Thursday, May 5, 2011

A Little H-O-R-S-E anyone?

Evan is really into shooting baskets right now and Luke has his own little basket so he does not get too frustrated.

The boys think it is mildly amusing that Jon and I frequently play late night H-O-R-S-E tourneys on the weekend after the kids go to bed. Now, it is Jon and I so there is always a little vino involved, so it gets amusing.The boys always ask us in the morning who won....I think we are dead even right now.

Jon always comes up with clever testosterone induced shots. One night there was a small piece of dog poop on the driveway, so he called one of his shots, "the dog poo bank shot".

So, now the kids know about this shot and they call for a "dog poo bank" whenever we play horse. Yet another moment in which the male fascination with bodily functions enters my very girly lifestyle;)!

Tuesday, May 3, 2011

Muffins With Mom

My sweet boy was feeling well enough to go to school today. This morning, we had Muffins With Mom before school and then went to Mass together. Isn't he handsome?:)

Sunday, May 1, 2011

My poor Evan

We made it 6 years without Evan having strep, but we ended that streak this weekend. He came home Thursday feeling yucky and stayed home Friday. He felt great Saturday , but after his baseball game, he asked to take a nap on the couch...so not like him. He had a fever and felt awful. We took in him in today and had a feeling he had strep. Hopefully, with antibitoics he will feel better soon.

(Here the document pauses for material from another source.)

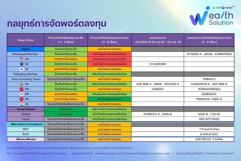 ดังนั้นการเลือกลงทุนและ การจัดพอร์ต(Asset Allocation) ให้เหมาะสมกับสภาวะตลาดและเศรษฐกิจ เป็นเรื่องที่สำคัญอย่างมาก ด้วยเหตุนี้เราจึงได้ พัฒนาโซลูชันด้านการลงทุน รูปแบบใหม่ “InnovestX Wealth Solution” ชู 3 จุดเด่น “1. คัดกองทุนแกร่ง 2. พร้อมคัด คำแนะนำการลงทุนที่เหมาะสมในแต่ละช่วงเวลา เพื่อตอบโจทย์นักลงทุนแต่ละกลุ่ม และ 3. คัดของดีราคาคุ้ม ด้วยดีลสุดเอ็กซ์คลูซีฟ”

Despite the strep, my little guy had a hit at his baseball game. I do find some humor in the fact we made it through cold and flu season with no illness for him and ended up sick in May. Such is life.

Flank Steak with Spicy Cream Sauce

The cream sauce had chives and parsely from the garden and that's my lettuce!:) The spcie in the sauce was horseradish.

Hutcheson Upgrades

Our new Keurig

My anniversary gift....with its cute pink case!

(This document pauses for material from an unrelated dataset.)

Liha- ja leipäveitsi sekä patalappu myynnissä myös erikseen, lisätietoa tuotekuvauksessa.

Generally, it takes Jon 2 years to buy anything digital/electric without doing tons of Consumer Report driven research:). He surprised me with a Kindle for our anniversary. I LOVE it, it is every readers' dream.

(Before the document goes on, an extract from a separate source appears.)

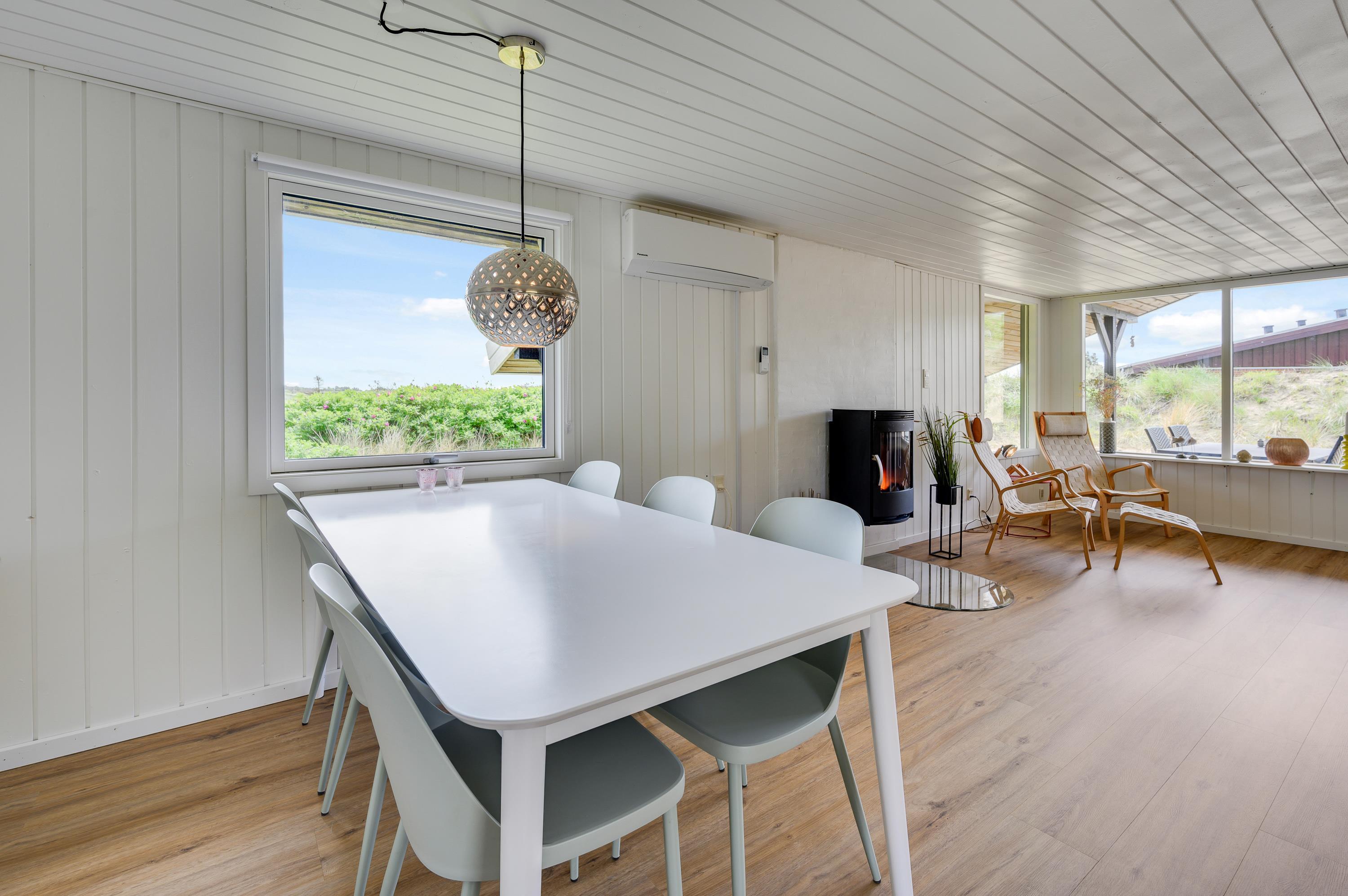 Her er der lagt op til rigtig kæreste- eller familiehygge. Det renoverede køkken er veludstyret, flot og utroligt velhold, og uanset om middagen står på pandekager eller den helt stor menu, så er det perfekt at samles ved det store spisebord. Her er der efter maden også god plads til samvær med spil og snak, imens opvaskemaskinen klarer oprydningen for jer. Skal det være ekstra varmt og hyggeligt, kan I desuden tænde op i sommerhusets brændeovn.

We have been discussing a Keurig forever. Jon has one at work and lots of our friends have one. I have been hesitant, but everyone I know that has one, loves it. So, I surprised Jon with it for our anniversary. It is better than I could have imagined. I love that I can just have one cup if I want. Jon and I also like different types of coffee on the weekend, so this solves the problem. I cannot say enough good things about it.

Lettuce!



My first lettuce harvest....so exciting and delicious! Even my, less than organic hubby, thought it was amazing!